=== Problem statement ===
From the data below, repeat everything exactly except the images.

=== Data ===
== Segment start ==

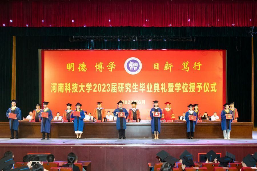在欢快的乐曲声中,校领导为2023届优秀毕业研究生代表颁发荣誉证书,为获得博士学位和硕士学位的研究生正冠拨苏,授予学位,并与他们合影留念。
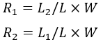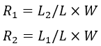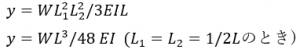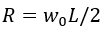 このとき両端の支持部に発生する反力R(=R1=R2)は次の式で与えられます。
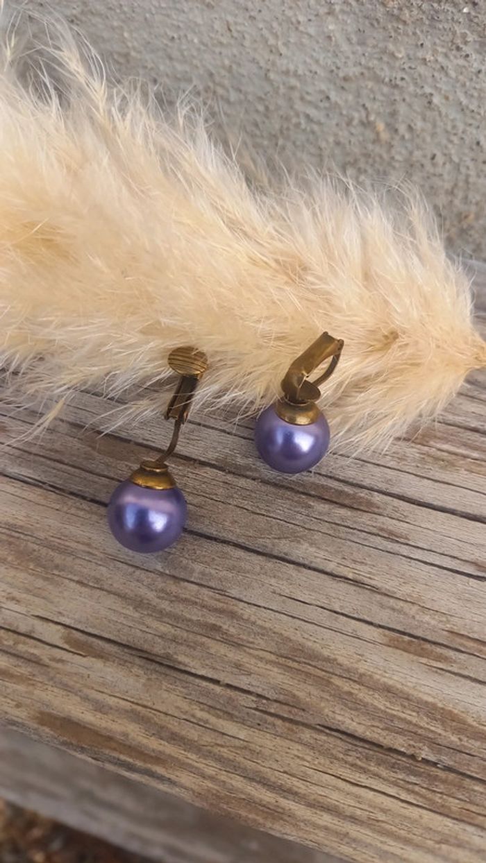 Boucles d'oreilles lilas vintage - photo numéro 2
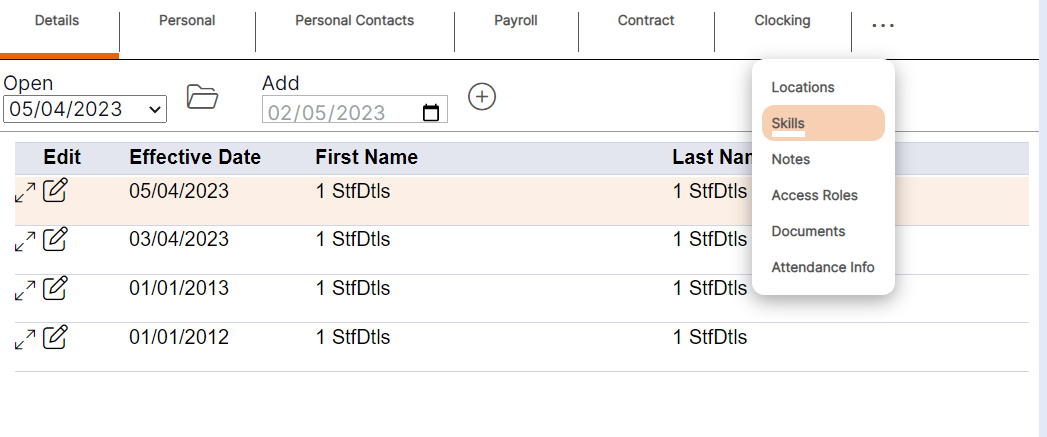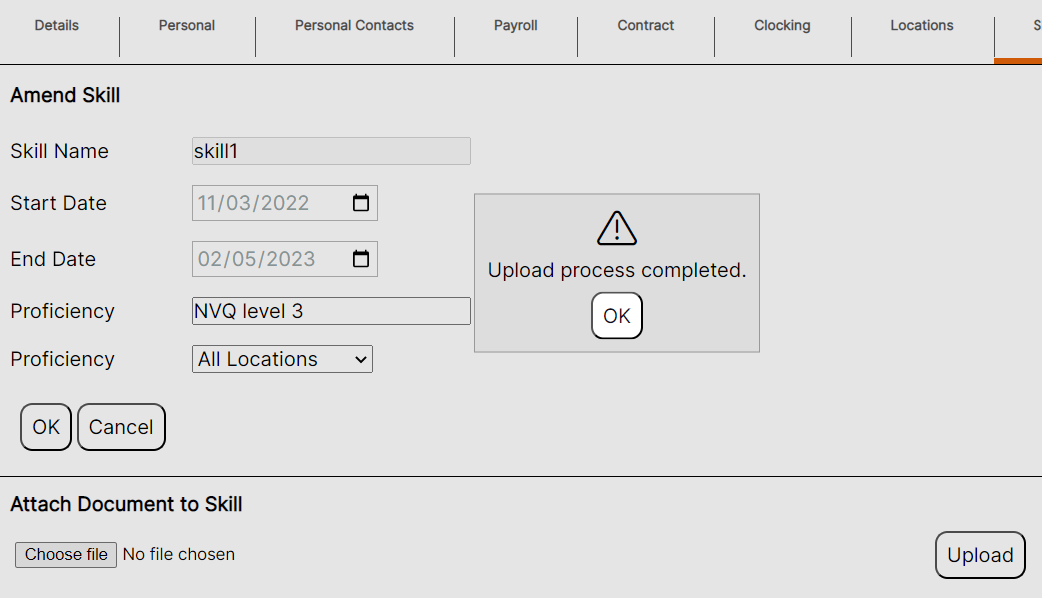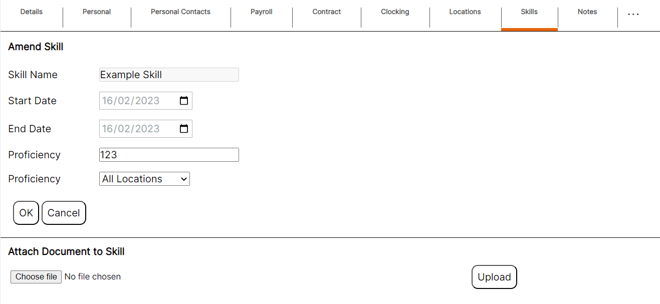 Staff Member Skills Tab – editing existing records, assigning proficiencies and certificates (documents) to a Skill

== Segment end ==

=== Answer box ===
在欢快的乐曲声中,校领导为2023届优秀毕业研究生代表颁发荣誉证书,为获得博士学位和硕士学位的研究生正冠拨苏,授予学位,并与他们合影留念。
 このとき両端の支持部に発生する反力R(=R1=R2)は次の式で与えられます。
 Boucles d'oreilles lilas vintage - photo numéro 2
 Staff Member Skills Tab – editing existing records, assigning proficiencies and certificates (documents) to a Skill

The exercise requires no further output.